Ксюша Зое нужна — до безумия, до дрожащих рук и упрашиваний, сильнее, чем пешка в большой игре, сильнее, чем незнакомка, с которой весело время проводить.
Для них это в новинку, им это страшно и странно, но они готовы попробовать измениться ради друг друга и однажды назвать вещи своими именами.
Примечания
Я-таки дошла до продолжения «Коррупции» (https://ficbook.net/readfic/0191f29d-0c84-70fd-99bc-0de4d6bea5ca). По таймлану залезает на восьмую главу.
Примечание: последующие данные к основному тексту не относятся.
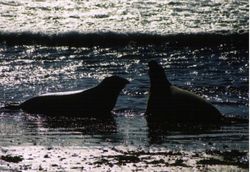 Vagrant adolescent male Elephant seal resting up on Campbell Island, New Zealand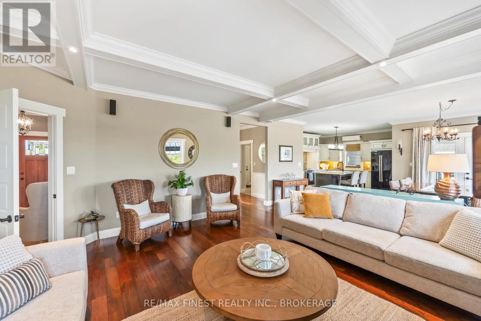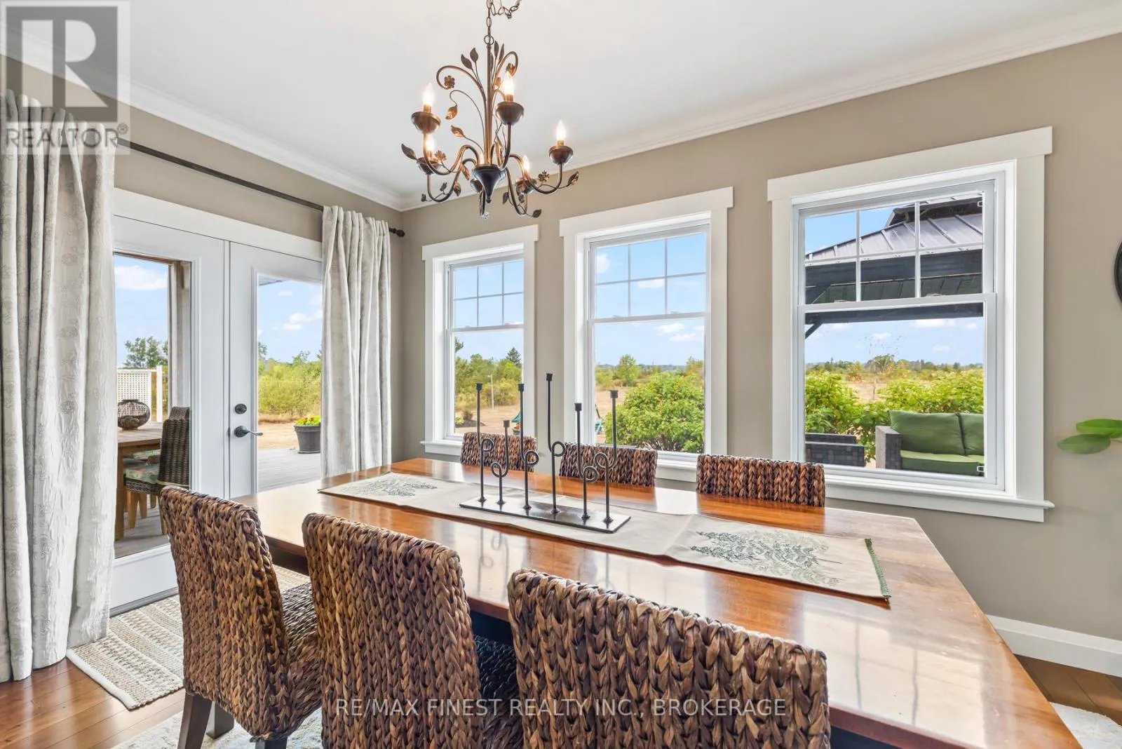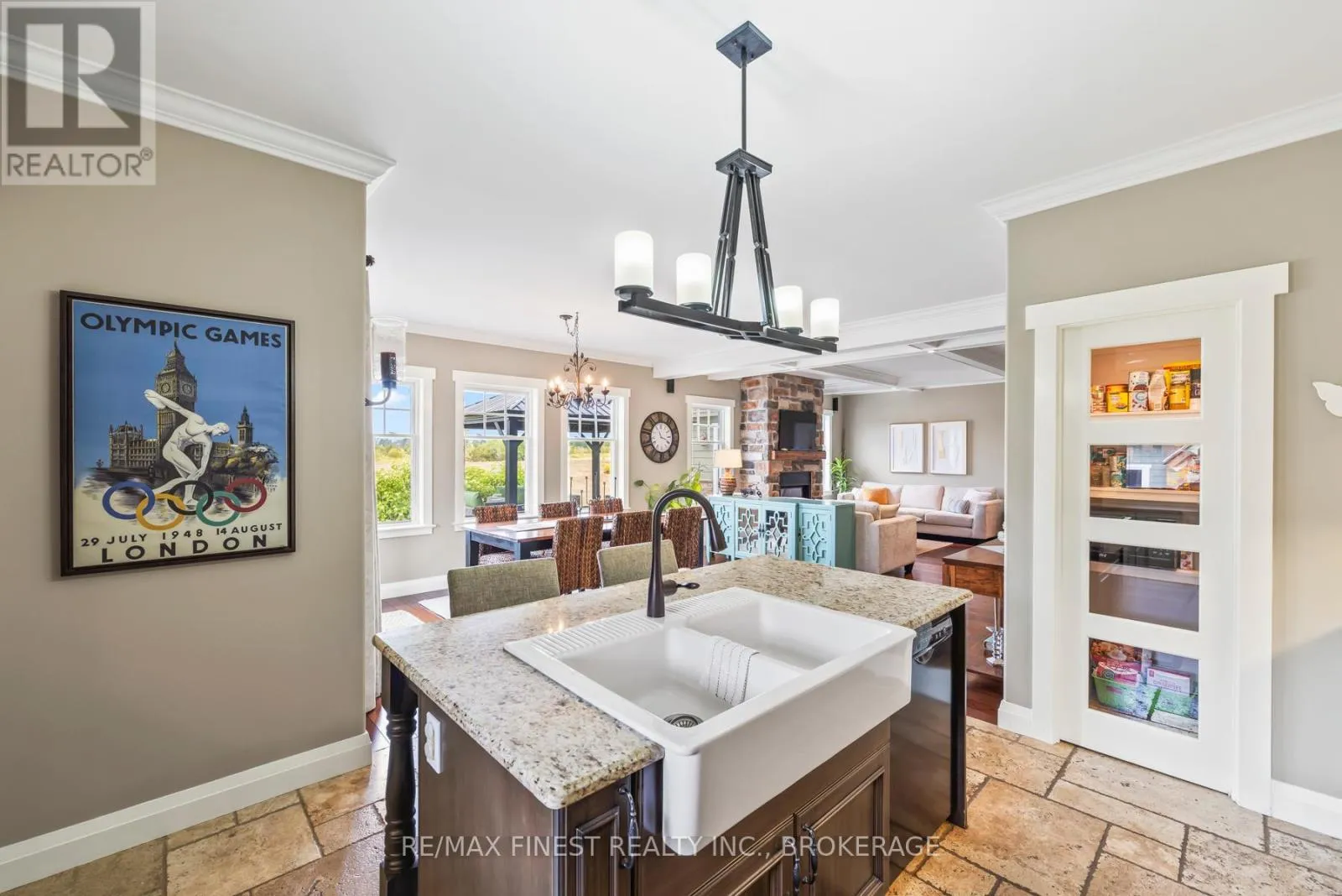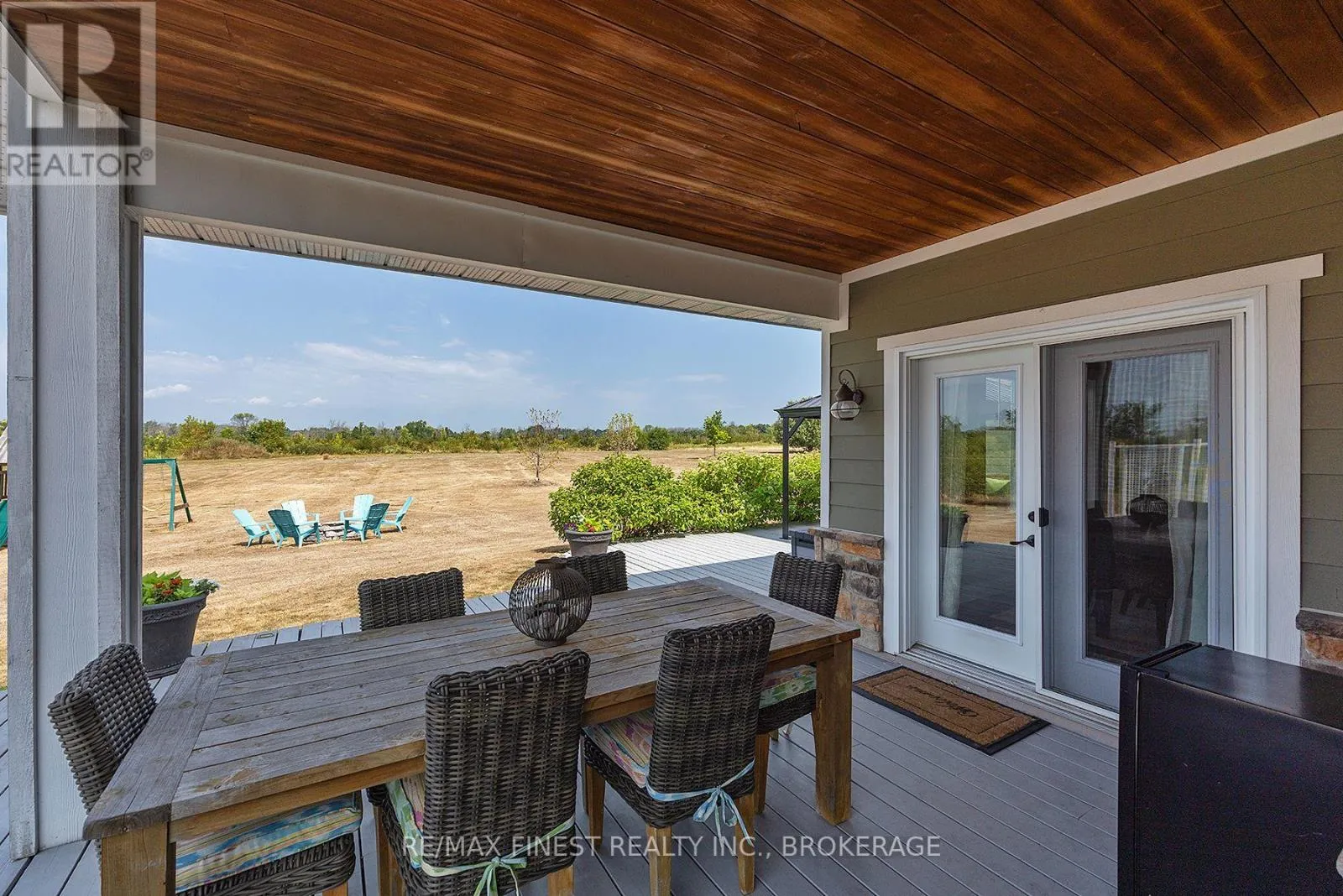 Cross Streets: County Rd 4. ** Directions: County road 4 towards #2, Right on County road 28. Discover this exquisite custom-built bungalow, over 2,000 sq. ft. of refined living on 2 meticulously landscaped acres, just minutes west of Kingston. Crafted with exceptional artistry and thoughtful design, every detail reflects superior quality. Step inside to distressed hickory hardwood and elegant travertine floors flowing throughout an open-concept layout. The luxurious primary suite boasts vaulted ceilings, exposed beams, a spacious walk-in closet, and a spa-like ensuite with a tiled walk-in shower and rainfall shower head. At the heart of the home, a grand family room with a floor-to-ceiling stone fireplace, coffered ceilings, and recessed lighting opens seamlessly to a gourmet kitchen. Featuring granite countertops, a stone backsplash, under-cabinet lighting, a convenient pot filler, a large pantry, and an expansive center island, it's a chef's dream. The adjacent dining area connects effortlessly to an early 1,000 sq. ft. partially covered cedar deck and gazebo through garden doors-ideal for al fresco entertaining. Additional highlights include a formal living room, a dedicated home office, and a well-appointed laundry/mudroom. The property offers a heated three-car attached garage and a 16' x 26' detached garage for generous storage and versatility. Comfort meets efficiency with radiant in-floor heating, a heat pump for supplemental heating and cooling, an HRV system, and central vacuum throughout. Timeless elegance, impeccable craftsmanship, and thoughtful functionality-quality through and through. Schedule your private viewing today and experience this exceptional residence. (id:27476)

Особого сюжета здесь не будет — просто сборник историй о том, как две сломанные женщины учатся быть друг с другом в здоровых отношениях.
Апдейт: я создала канал в телеге для публикации всякого визуала и внутрянских штучек, должно быть весело) https://t.me/logovo_ky
27. Обобщающий термин для множества состояний, чувств, эмоций и желаний, испытываемых в гармоничных отношениях
19 января 2025, 04:30
— Когда я на работу устраивалась, никто не предупреждал, что начальство тут… — Юля вздыхает, ставя на стол новую чашку кофе. Соня усмехается, взглянув на неё поверх монитора.
— Резкое?
— Сука. Стерва. Т…
— Так, язык свой попридержи, — осаждает её Соня. Может в конкретный момент Юля и права, но это не даёт ей повода свои мысли вслух озвучивать. — Во-первых, твоё непосредственное начальство я, а во-вторых, сейчас период такой. И мы все реально накосячили…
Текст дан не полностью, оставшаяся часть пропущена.